Our special parish intention for this week is a focus on the special needs of the elderly. As we all get older, we hopefully gain wisdom, which is to say we've figured out the true value of things and found some pearls. Our elders often want to tell the younger people about these lessons to help them, and to reminisce. It is often too bad that when we are young we are so busy running around we think we don't have time to listen to this wisdom. This of course sets up the common tragedy of having a set of people who want to be listened to and have something to say and another set that doesn't spend the time to listen. The elderly face many problems: medical issues, living on a fixed income, transportation, and the like. Christ today is asking us to treat the elderly in our lives as a treasure we find in the field and not another task to be completed in our already hectic schedule.

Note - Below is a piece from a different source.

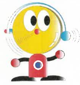
ぼうはん・ベルくん 犯罪抑止キャラクター
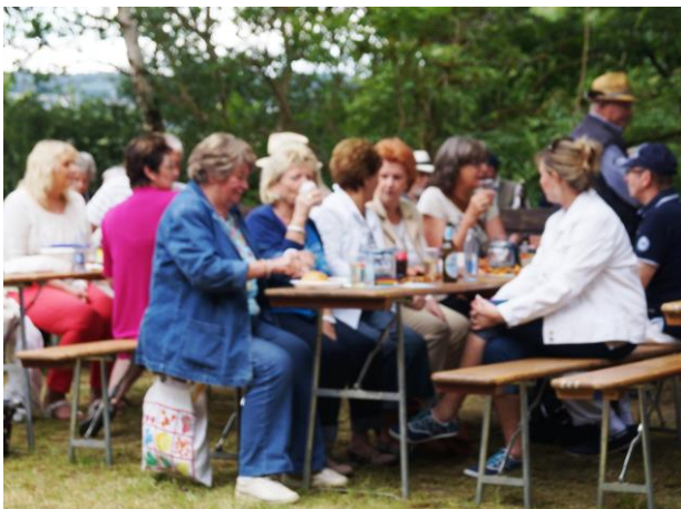
Auf der Schäg lässt sich gut feiern.

I would like to say that I have the wisdom to recognize the treasure that God has put in the field in which I find myself, and with joy I go and buy the field when I have the chance. I hope that as I grow older I get closer to that ideal, but I still struggle. But Solomon struggled. Peter denied his pearl three times on Holy Thursday. Louis Armstrong was married four times. Clearly the wisdom of these otherwise exemplary people was still subject to human frailty. As we continue with the Liturgy of the Eucharist, let us ask God for his continued blessing on us, not only providing the treasures of the world, but the wisdom to appreciate their true value. God truly has make this a wonderful world, and it is up to us to realize it.